Give back an exact copy of the lines in the records below, from the line that has "裏地にボタニカル柄を全面に印刷し小窓からのチラ見せ!" through the line that has "Swist Haki Çift", and nothing besides.

**Records for the task:**
☆ ☆ ☆ ☆ ☆ ☆ ☆

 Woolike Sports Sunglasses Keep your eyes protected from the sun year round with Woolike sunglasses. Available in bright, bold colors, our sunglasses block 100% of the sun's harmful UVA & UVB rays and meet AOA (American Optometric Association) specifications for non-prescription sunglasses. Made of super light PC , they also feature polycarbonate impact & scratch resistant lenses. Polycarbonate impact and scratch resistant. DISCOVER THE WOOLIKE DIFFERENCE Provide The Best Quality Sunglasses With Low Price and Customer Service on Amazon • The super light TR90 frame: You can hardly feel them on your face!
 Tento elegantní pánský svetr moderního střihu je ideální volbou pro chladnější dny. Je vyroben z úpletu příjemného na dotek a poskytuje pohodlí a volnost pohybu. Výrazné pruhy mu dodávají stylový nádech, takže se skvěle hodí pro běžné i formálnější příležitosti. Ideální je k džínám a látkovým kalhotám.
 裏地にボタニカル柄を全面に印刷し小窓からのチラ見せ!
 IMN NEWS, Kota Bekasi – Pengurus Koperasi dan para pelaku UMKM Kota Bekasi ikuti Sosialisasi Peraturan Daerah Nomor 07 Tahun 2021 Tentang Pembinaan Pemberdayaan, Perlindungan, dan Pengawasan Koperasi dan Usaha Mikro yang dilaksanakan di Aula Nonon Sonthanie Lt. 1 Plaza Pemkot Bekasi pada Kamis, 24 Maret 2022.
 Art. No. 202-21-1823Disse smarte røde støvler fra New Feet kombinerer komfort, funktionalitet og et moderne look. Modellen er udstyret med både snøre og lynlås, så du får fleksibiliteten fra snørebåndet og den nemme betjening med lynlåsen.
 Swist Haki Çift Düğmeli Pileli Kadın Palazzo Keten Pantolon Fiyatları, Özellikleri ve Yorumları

☆ ☆ ☆ ☆ ☆ ☆ ☆

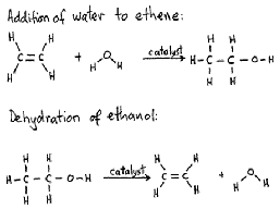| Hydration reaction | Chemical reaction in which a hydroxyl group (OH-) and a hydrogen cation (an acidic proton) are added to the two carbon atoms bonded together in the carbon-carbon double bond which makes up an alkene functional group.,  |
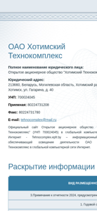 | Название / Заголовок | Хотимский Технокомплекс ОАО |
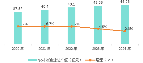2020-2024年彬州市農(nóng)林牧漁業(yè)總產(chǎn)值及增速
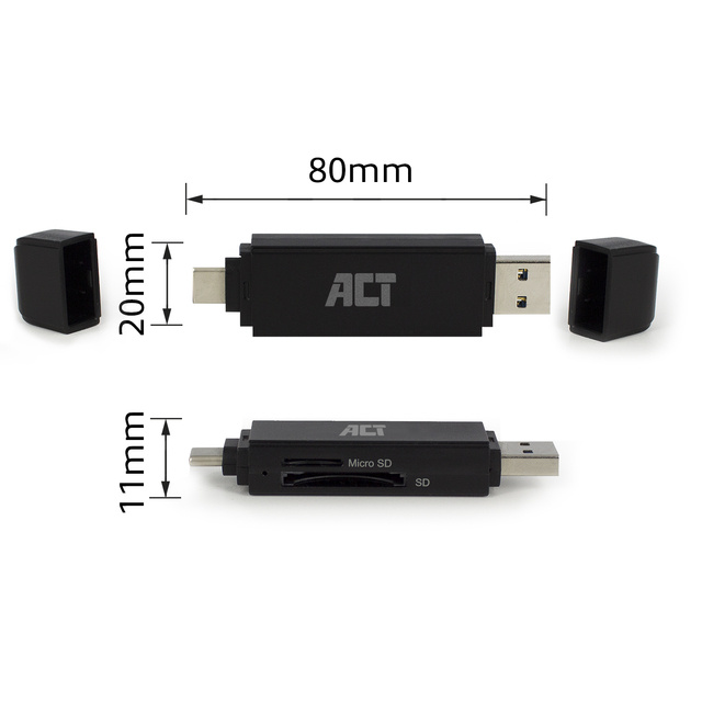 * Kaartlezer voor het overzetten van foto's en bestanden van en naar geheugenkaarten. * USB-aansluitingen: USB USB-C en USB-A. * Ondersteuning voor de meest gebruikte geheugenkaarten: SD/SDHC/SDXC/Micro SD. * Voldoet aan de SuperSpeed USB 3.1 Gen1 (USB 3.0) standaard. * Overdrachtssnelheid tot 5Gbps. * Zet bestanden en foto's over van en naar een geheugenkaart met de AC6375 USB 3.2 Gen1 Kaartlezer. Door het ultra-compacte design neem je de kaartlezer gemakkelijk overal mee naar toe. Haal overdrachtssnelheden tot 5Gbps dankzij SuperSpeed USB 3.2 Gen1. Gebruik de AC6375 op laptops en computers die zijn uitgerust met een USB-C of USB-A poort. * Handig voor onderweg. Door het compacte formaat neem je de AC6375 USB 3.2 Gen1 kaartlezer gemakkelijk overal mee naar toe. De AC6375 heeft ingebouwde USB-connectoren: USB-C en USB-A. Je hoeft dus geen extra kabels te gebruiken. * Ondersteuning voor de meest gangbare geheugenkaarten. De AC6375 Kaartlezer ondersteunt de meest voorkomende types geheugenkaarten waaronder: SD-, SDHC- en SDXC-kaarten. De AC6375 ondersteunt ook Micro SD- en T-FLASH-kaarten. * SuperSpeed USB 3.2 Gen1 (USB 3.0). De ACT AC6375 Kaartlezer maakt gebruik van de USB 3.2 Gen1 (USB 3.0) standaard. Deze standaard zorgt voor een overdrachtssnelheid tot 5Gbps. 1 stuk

☆ ☆ ☆ ☆ ☆ ☆ ☆

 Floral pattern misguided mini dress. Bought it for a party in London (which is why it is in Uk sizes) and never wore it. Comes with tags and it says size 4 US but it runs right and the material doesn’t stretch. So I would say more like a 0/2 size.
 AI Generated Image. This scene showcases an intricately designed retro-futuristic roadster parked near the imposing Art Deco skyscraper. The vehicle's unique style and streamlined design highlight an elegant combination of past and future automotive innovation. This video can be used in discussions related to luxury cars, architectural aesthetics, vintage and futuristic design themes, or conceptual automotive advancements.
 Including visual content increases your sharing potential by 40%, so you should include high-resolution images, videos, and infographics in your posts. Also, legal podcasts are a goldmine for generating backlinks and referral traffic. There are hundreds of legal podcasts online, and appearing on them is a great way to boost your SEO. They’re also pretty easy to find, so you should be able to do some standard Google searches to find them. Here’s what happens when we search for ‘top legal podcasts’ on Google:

☆ ☆ ☆ ☆ ☆ ☆ ☆

**Exercise output:**
 裏地にボタニカル柄を全面に印刷し小窓からのチラ見せ!
 IMN NEWS, Kota Bekasi – Pengurus Koperasi dan para pelaku UMKM Kota Bekasi ikuti Sosialisasi Peraturan Daerah Nomor 07 Tahun 2021 Tentang Pembinaan Pemberdayaan, Perlindungan, dan Pengawasan Koperasi dan Usaha Mikro yang dilaksanakan di Aula Nonon Sonthanie Lt. 1 Plaza Pemkot Bekasi pada Kamis, 24 Maret 2022.
 Art. No. 202-21-1823Disse smarte røde støvler fra New Feet kombinerer komfort, funktionalitet og et moderne look. Modellen er udstyret med både snøre og lynlås, så du får fleksibiliteten fra snørebåndet og den nemme betjening med lynlåsen.
 Swist Haki Çift Düğmeli Pileli Kadın Palazzo Keten Pantolon Fiyatları, Özellikleri ve Yorumları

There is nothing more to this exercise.